(Written on January 8, 2009)
On Monday, I started my classes for winter semester. I'm taking Philosophical Foundations of World Religions and Human Origins and Prehistory. It should be interesting, studying human culture from biological, evolutionary, philosophical and religious perspectives all at once.
The philosophy class is actually being taught like anthropology, sociology or history more than as a philosophy class. We will be reading ABOUT philosophies from around the world rather than actually reading the sacred texts themselves. I was disappointed about that, but finding out that we will be learning about things like ceremonial gardening, tatooing, storytelling and sacred dances kind of makes up for that. I heard from a few of my classmates that the philosophy professor is a good professor.

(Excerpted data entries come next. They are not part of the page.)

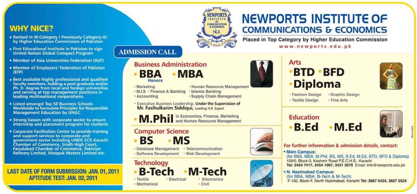 Admissions in MBA,BBA,M.PHil etc.in NEWPORTS Institute of Communications & Economics Karachi Read newspaper ad for exact details.
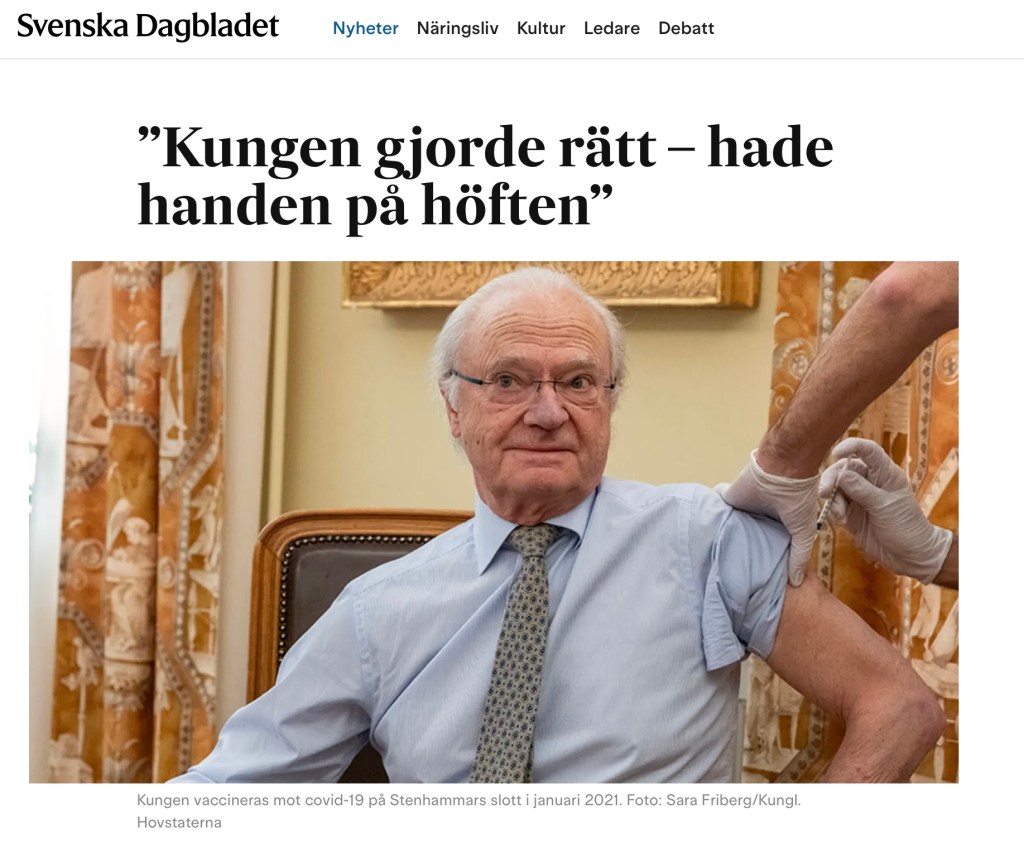 Jag blev glad när jag såg en bild på kung Carl XIV Gustaf när han tog sin spruta med handen på höften. Det är precis så man ska göra, sätta sin handflata på sin höftbenskam, detta säger Pelle Gustafson, chefläkare på LÖF, regionernas ömsesidiga försäkringsbolag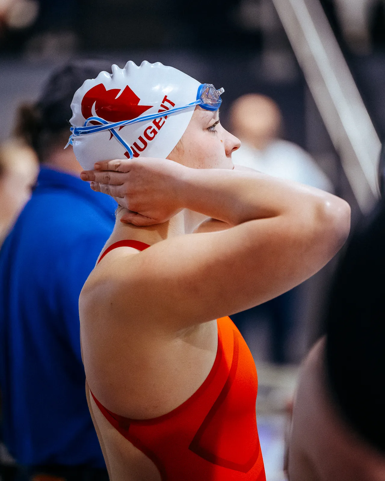 Event 1 of the first session of Independent South Conference Championships. Rylee Nugent swims the 500 freestyle. She is preparing for her race.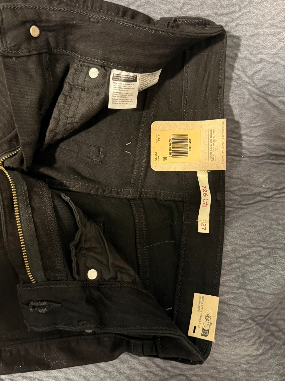 These are brand new black flare jeans from Levi's. They're a size 27 with a 32 inseam. These jeans are made with a stretch denim blend for comfort.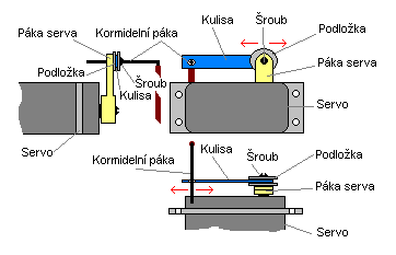 Nejsou složité. Vpodstatě stačí zabudovat standartní servo (SŘ) k ovládání kormidla. Propojení serva a kormidelní páky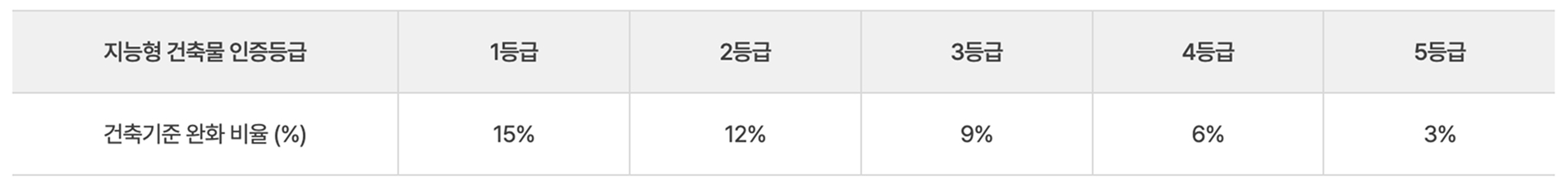 건축법 제65조의2 (지능형건축물 인증)에 의하여 허가권자는 지능형건축물인증 등급을 받은 건축물에 대하여 제42조에 따른 조경설치면적을 100분의 85까지 완화하여 적용할 수 있으며, 제56조 및 제60조에 따른 용적률 및 건축물의 높이를 100분의 115의 범위에서 완화하여 적용할 수 있다.

So far, the one text, "World Philosophies" has not told me much about philosophies in terms of beliefs on proper ways to be a human, but instead on origin myths and how their interpretations changed throughout history. More history than philosophy. I'm still waiting for the other text to show up so I can start digging in. I think what bothers me about this first text isn't so much that it is history, but that it is a dry chronicaling of history with names, dates, places, writings listed in the way that my high school (and earlier) history textbooks only related history as a bunch of dates, leader names, battles, number dead and who won. There was no life to it-or rather, no lives. Those types of histories never bring history alive the way reading or hearing about someone's experience in confronting an unjust world with a mirror of its sins, such as Martin Luther King or even Jesus did. History is so much more alive when you can hear a song that was the underlying story of the time. History speaks directly to the student when the direct words of Thomas Jefferson, Homer, Virginia Woolf or Saint Teresa are directly read, rather than explained in the third person by some academian. Not only does history come alive, but the philosophical, intellectual and spiritual depth has not been processed out. I have a fear that this philosophy class may be like mental and spiritual squishy white bread when I really crave whole wheat kernels and rolled oats baked into a crusty brown bread illuminated with seeds and crunchy bits of insight and challenge. I'm going to give it "the olde college try" because I want to find out more about ceremonial gardening and dancing and other religiuous practices. Since we'll be studying the living ritual aspects of religion, I wonder if he'll talk about the way the Inuit Shamans used ceremony and masks to call in animals to hunt. I have a book about that which I read 12-14 years ago. It was intriguing, and sad that when missionaries went to Alaska at the beginning of the 1900s, they destroyed most of the masks and did everything they could to destroy the native culture, language, rituals and religious lives of the people there. The history of that religion was brought back to life through anthropological research and interviews of very old Inuits.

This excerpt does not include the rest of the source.